Reading is just saying hey, go read this specific location pixel in my texture or in write this color value to this specific location in the texture.

You can sample and read or write.

You cannot do both to the same texture within a shader.

And that textures is of a different type because the GPU actually optimizes them differently.

And so we need to know that you're actually working with a depth texture.

So let's look at some examples.

So in this first one we have a 2d texture, and it's this color type, this float.

So if you sample from this, you're going to return the float forward.

Notice I didn't specify the access [inaudible] because it has a default which is sample.

So the next one is a 2d texture again which uses the half type and its mode is right.

So if I try to read from this texture in my shader, the compiler will throw an error.

And finally we have a depth texture, okay.

Samplers are separate from textures.

So, what does that mean?

That means I can u se the same sampler with multiple textures.

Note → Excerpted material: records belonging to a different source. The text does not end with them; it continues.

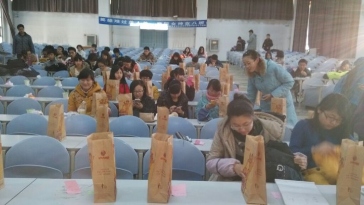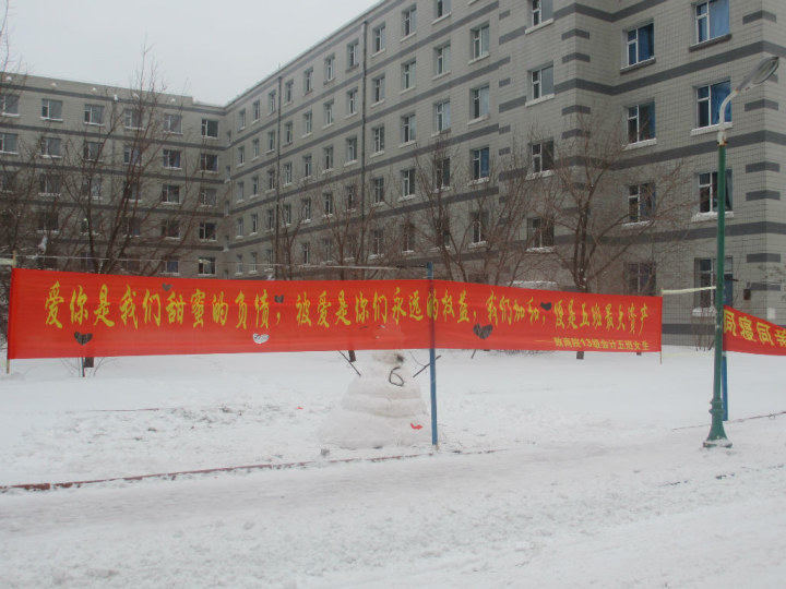 当然男生们做的不只是挂条幅而已。在每一年的女生节中,男生们都会在照顾女生的方式上不断创新。今年的女生节更是令女生们倍感温馨。肯德基爱心早餐,似乎已经成为了商学院女生节的标配。每天的清晨,都会有男生们出发前往肯德基订购早餐,然后送到女生寝室附近的食堂中,等候女生们的到来。工商管理二班的爱心占座,更是让女生们感到幸福和丝丝甜蜜。市场营销班更是通过0点短信的方式让女生们体会到家的温暖,在吉大,在商学院,在这个温暖的大家庭中。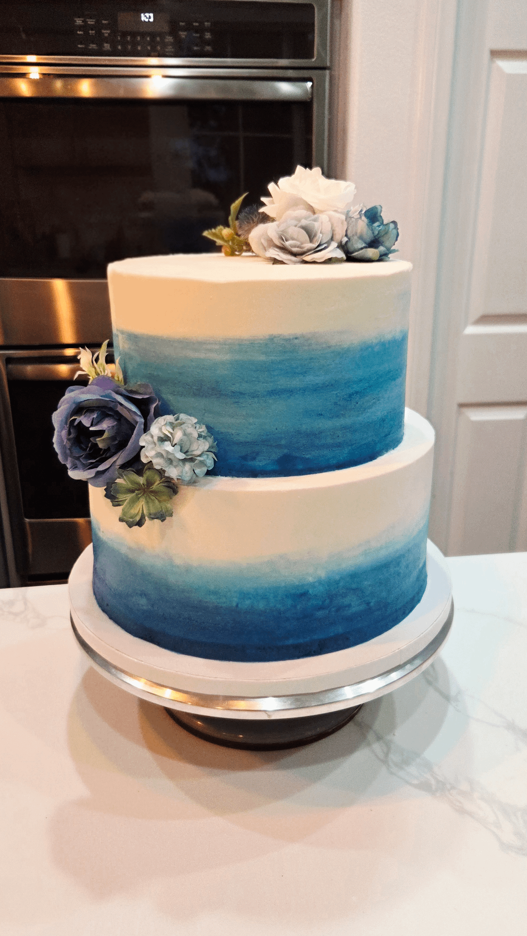 Made this for someone who just finished treatment for colorectal cancer (hence the blue theme). Its red velvet cake with cream cheese frosting on the inside. I did buttercream on the exterior for stability and cleaner lines.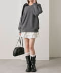 ・ミニボトムを合わせてガーリーなミニワンピース風に着こなすがおすすめ。
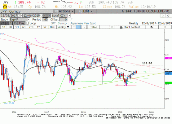 Teknik olarak geçen haftanın en düşük seviyesinin 12 haftalık üssel ortalamanın geçtiği 108.40 olması ve bu hareketli ortalamanın kasım ayından beri kuvvetli destek olarak çalışması piyasada yukarı doğru gitme isteğinin teknik olarak hala daha güçlü olduğuna işaret ediyor. Bu nedenle 108.40 kırılmadığı sürece bu hafta yukarı yönlü bir hareket bekliyoruz.

Or I can use multiple samplers of the same thing with one texture.

You have the freedom.

How do I pass these?

Well, like I said, everything is passed as an argument, so you can pass them as an argument to your shader.

In addition though, you can actually declare them in your source.

So it depends.

So like in a lot of cases, especially if you're doing an image processing filters.

You know you just need a hand full of samplers that you're going to use.

And data declared is a variadic template.

And the reason for that is samples have a number of properties like the filter mode, the aggressing mode, whether the coordinates I'm going to use are normalized or pixel and a bunch of other things.

I don't want to have to set them explicitly every time.

All of these have defaults.

So you only change the one you want to, you are changing from the defaults.

So in this example, I'm changing the address more from [inaudible] to zero, and the other properties take the default.

So you can choose to pass them as an argument, or you can choose them to declare them the source, depending on your needs.

All right, so last of the types.

All right, so buffers is just as Jeremy mentioned a bag of bytes.

And so you just pass a pointer or a reference to this type.

And notice in the first slide I have this global qualifier.

Well let's talk about that now.

See anything that's passed as a pointer or a reference to some memory, you need to say its memory region comes from.

And that's because GPU's actually implement the member hierarchy.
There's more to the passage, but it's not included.